Everything from the line with "Check cradle to" to the final line of the entries, both included, should be restated word for word; please omit the pictures.

### SUPPLIED RECORDS
::::

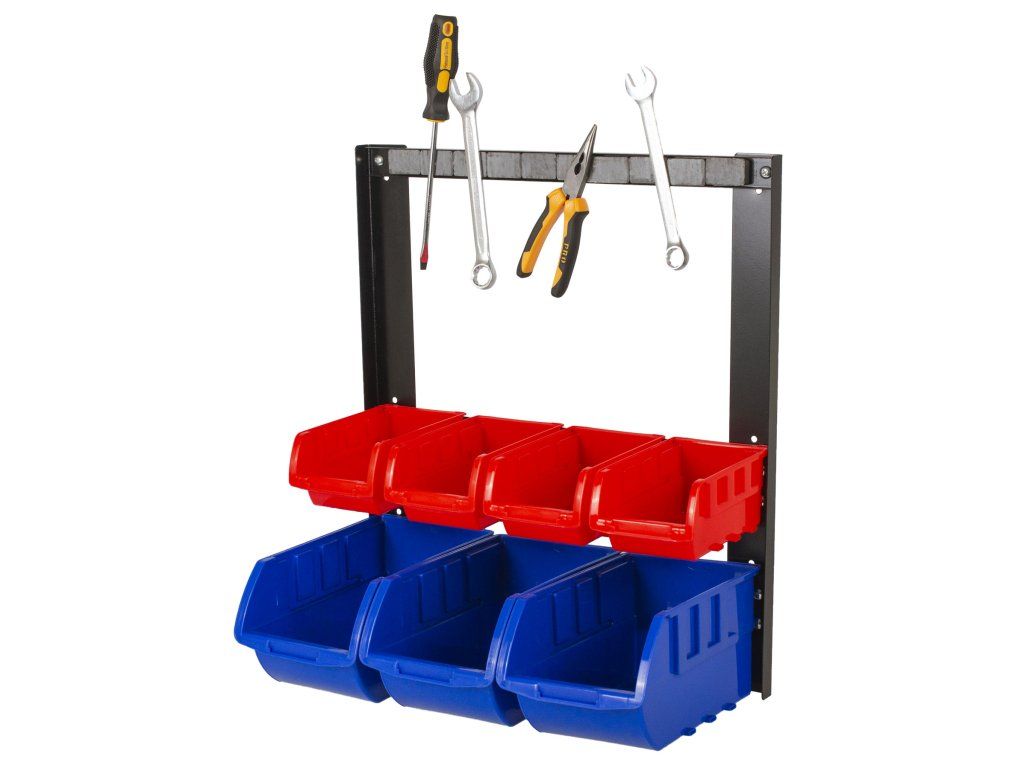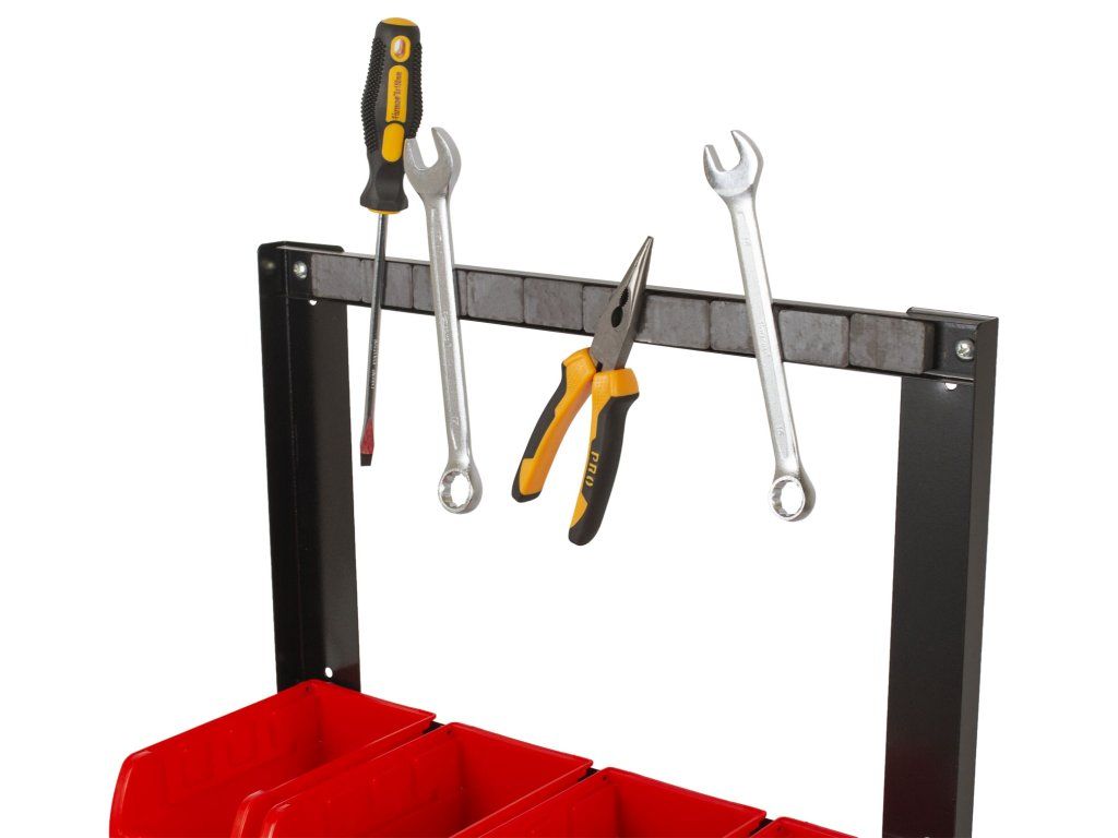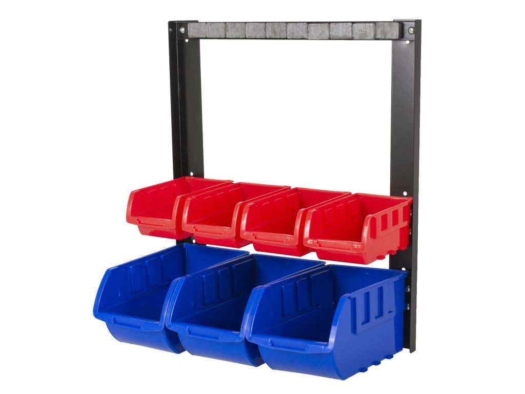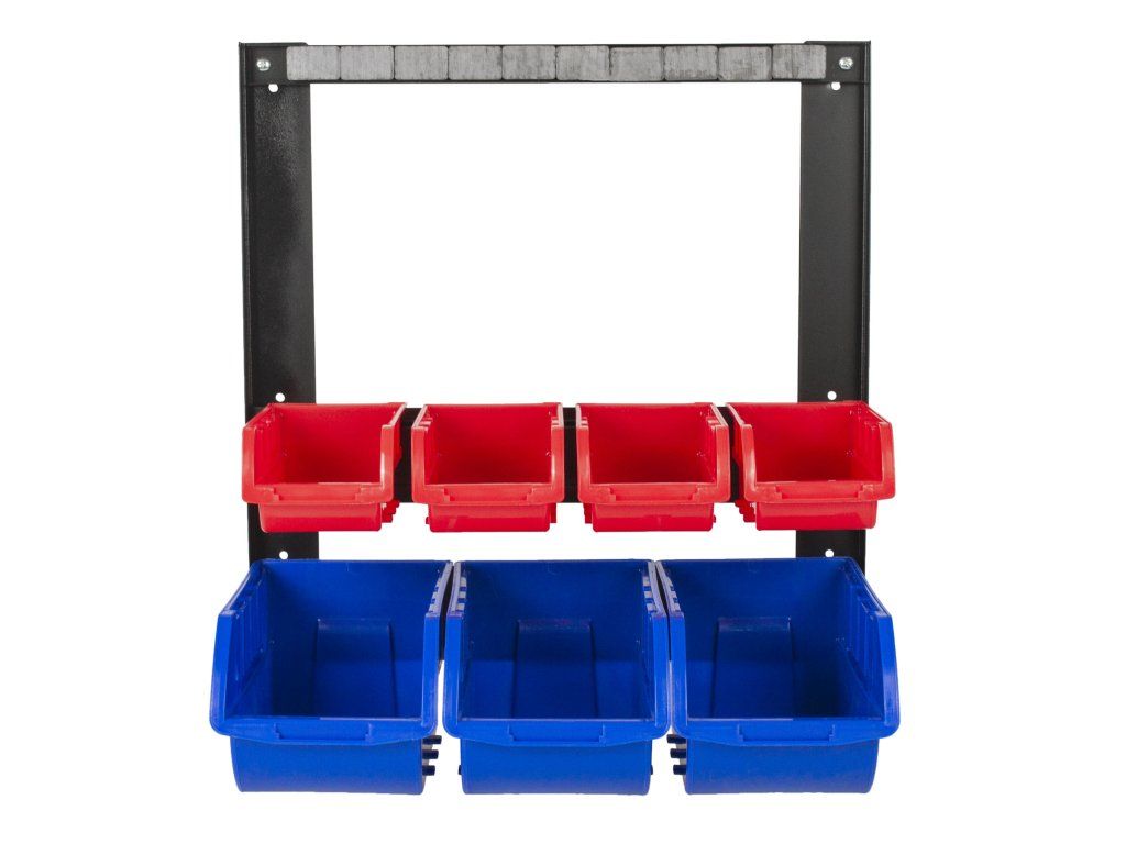 - Kovový rám organizéru na šroubky s 7 plastovými boxy na spojovací materiál a magnetickou lištou na nářadí pro dokonalou organizaci v dílně.
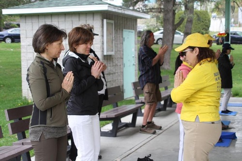 Mélissa Mongeau (front) demonstrates Falun Gong exercises.
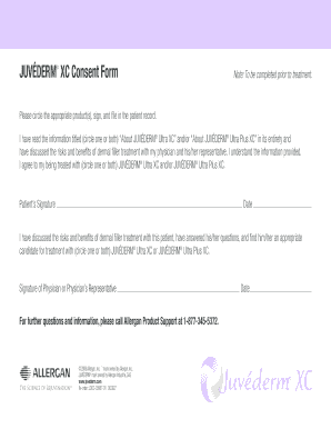 The JUV?DERM? XC Consent Form is a vital document that ensures patients provide informed consent before undergoing JUV?DERM? XC treatments. This form outlines the procedure, potential risks, and benefits, helping to maintain transparency and trust between providers and patients.
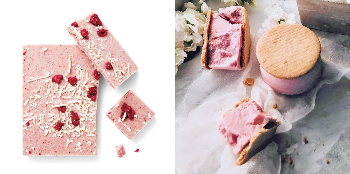 8月に届くのはオーストリア「コールリバーファーム」のベリーココナツチョコを使ったアイスサンド。ラズベリー入りのミルキーなホワイトチョコレートのアイスに、甘酸っぱいフリーズドライのラズベリーローストしたココナッツをしのばせた食材のマリアージュが楽しいアイスサンドです。
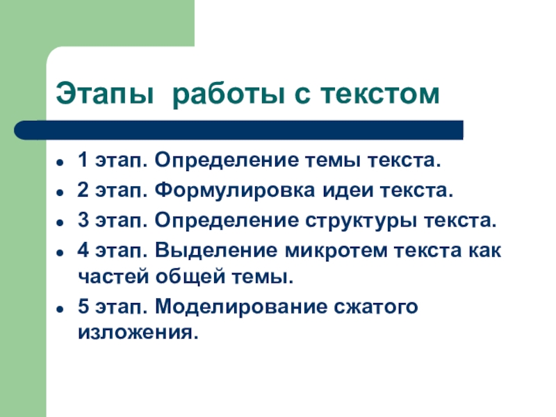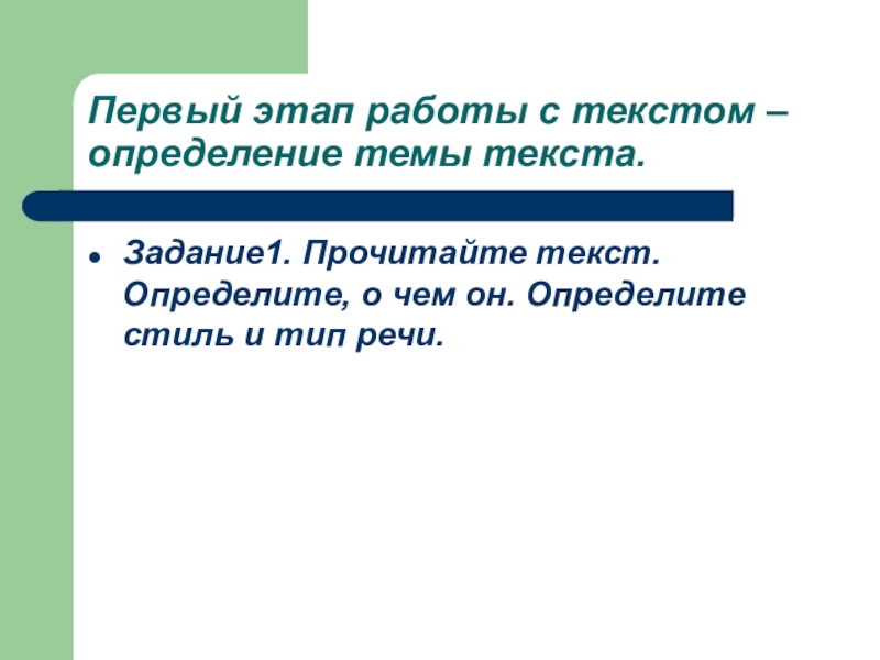 Слайд 13Первый этап работы с текстом – определение темы текста.
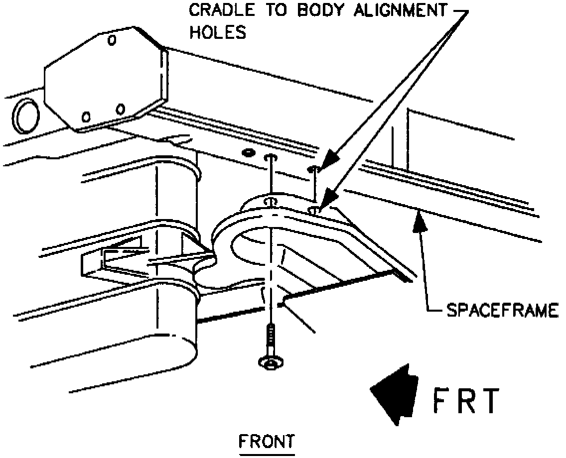 Check cradle to body alignment at two alignment holes using 5/16 inch rod, Fig. 2. If cradle to body alignment is not correct, loosen cradle fasteners and align cradle to body.
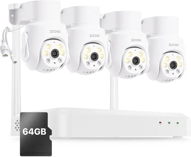 Gadpiparty ZOSI 8 Channel 3K Wi-Fi 6 Security Camera System with 64G SD Memory Card for 24/7 Record, 4 x 5MP Pan Tilt WiFi Camera with Auto Tracking, Color Night Vision, Plug-in, AI Person Detect, 2-

::::

### ANSWER BELOW
 Check cradle to body alignment at two alignment holes using 5/16 inch rod, Fig. 2. If cradle to body alignment is not correct, loosen cradle fasteners and align cradle to body.
 Gadpiparty ZOSI 8 Channel 3K Wi-Fi 6 Security Camera System with 64G SD Memory Card for 24/7 Record, 4 x 5MP Pan Tilt WiFi Camera with Auto Tracking, Color Night Vision, Plug-in, AI Person Detect, 2-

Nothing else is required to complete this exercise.